Рыжекудрая красавица загадочно улыбается, глядя в подкупающе-честные глаза мужчины.

— Думаю, могу.

* * *

Хотя Рэдхуд понимала, что это всего лишь шелестят шелковые шторы на открытом окне, но ей казалось, что все портреты стервозных красоток и коварных феодалов на стенах подсматривают через её плечо и перешёптываются, смакуя скандал.

— Такого уговора не было! И, по-моему, это уже перебор! — пальцы нервно теребили край странички светской хроники, словно желая вырвать и уничтожить объявление о помолвке. — Одно дело — мелкое жульничество в узком кругу, и совсем другое — это! Как только Филиппу подскажут, что никакой княжны Франш-Эссен в природе не существует...

— Как вы могли такое подумать, констебль! Маргарита Изабелла Беатриса Мария Кримхильда Франш-Эссен, разумеется, здравствует — хотя и никогда не бывала в нашем осьминожьем углу. И вы на неё достаточно похожи, ибо титул я вам подбирал не наобум. Так что баронета могут лишь поздравлять с удачной партией. Наследница не только громкого титула, но и нескольких миллионов — совершенно не сравнится с хозяйкой захолустного поместья, дела которого, как и всё сельское хозяйство, развиваются не очень хорошо.

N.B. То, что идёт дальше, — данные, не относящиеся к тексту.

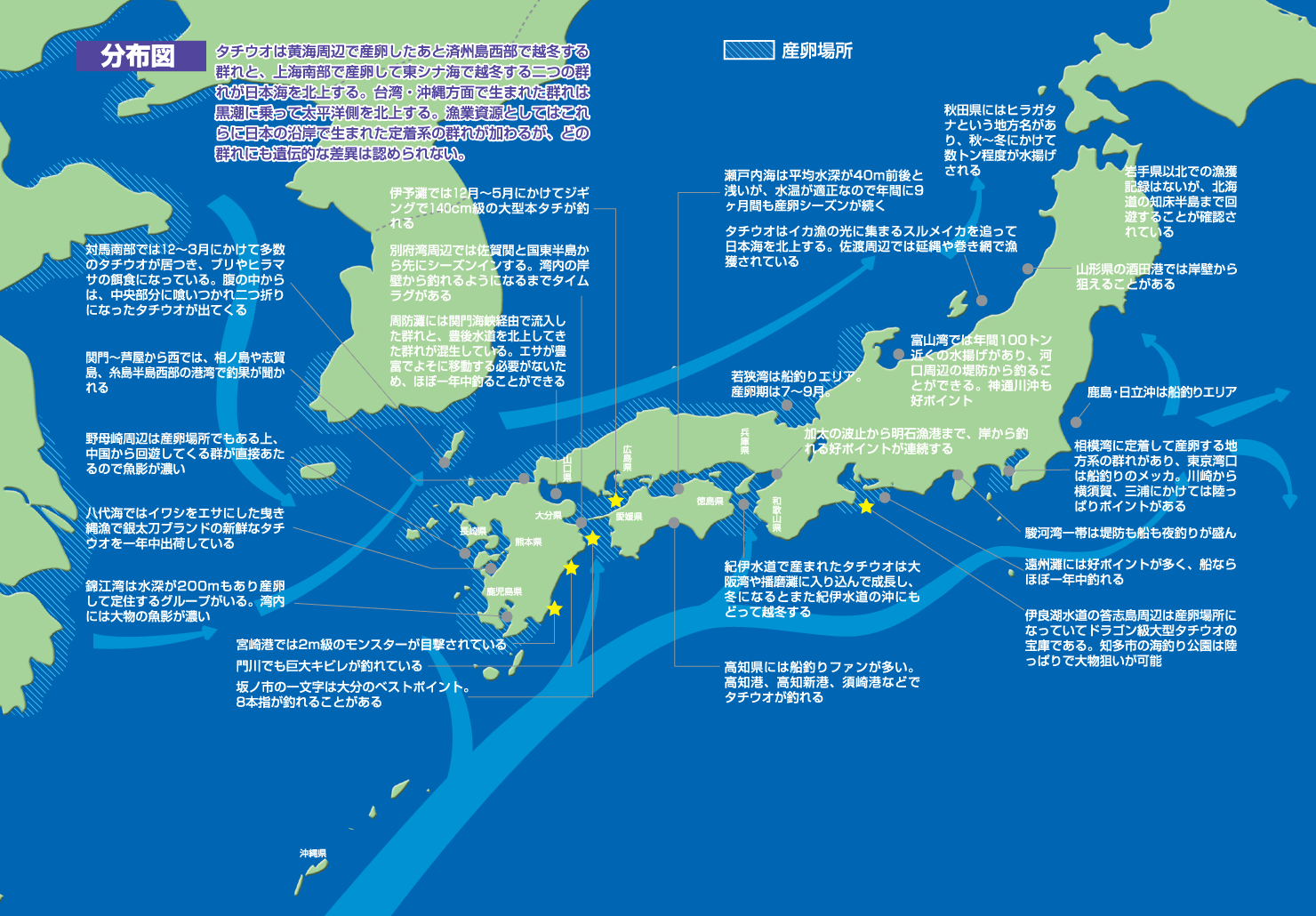 台湾・沖縄方面から回遊してくるタチウオは、九州各地の港湾に入り込む群れと、南北を通過していく群れに分かれる。九州南部を通る群れはまた、豊後水道経由で瀬戸内海に入る群れと、四国沖へ向かう群れに分かれる。九州はこの台湾・沖縄からのルートと、中国沿岸からやってきて対馬海峡経由で日本海へ抜けるルートに囲まれている。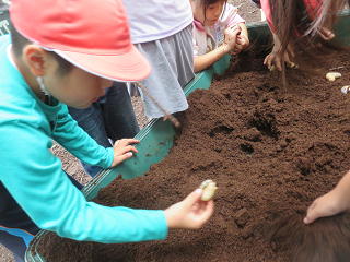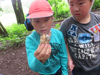 カブトムシの幼虫を自分で探し、手に取り、おす・めすの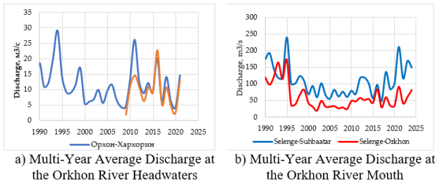 River water resources of the Orkhon River increase along its course. The multi-year average discharge is 13.3 m³/s at Kharkhorin in Uvurkhangai, approximately three times higher at Orkhon in Bulgan, and nearly nine times higher at Sükhbaatar in Selenge. This increase reflects the expansion of the catchment area and contributions from major tributaries.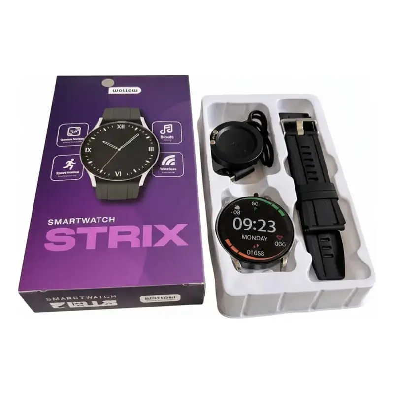 El Strix de Wolow es un smartwatch de diseño táctico pensado para quienes buscan funcionalidad, durabilidad y un look fuerte y moderno en su día a día. Su pantalla de 1.3" ofrece una visualización clara y cómoda de tu información, mientras que su interfaz táctil intuitiva permite navegar fácilmente entre sus funciones sin complicaciones.

Впрочем, ваши пробелы в генеалогии — это моя недоработка, которую мы при случае исправим...

— Час от часу не легче! Значит, настоящая Маргарита-Беатриса-как там меня, то есть её, может заявить в полицию на самозванку!

— Вы меня всё же недооцениваемое, уважаемая Марта, — улыбнулся виконт, церемонно наполняя чашку ароматным напитком. — Весьма рекомендую — хотя Элена не очень бережна с фарфоровыми сервизами, но зато выучилась от бабушки великолепно разбираться в местных травах...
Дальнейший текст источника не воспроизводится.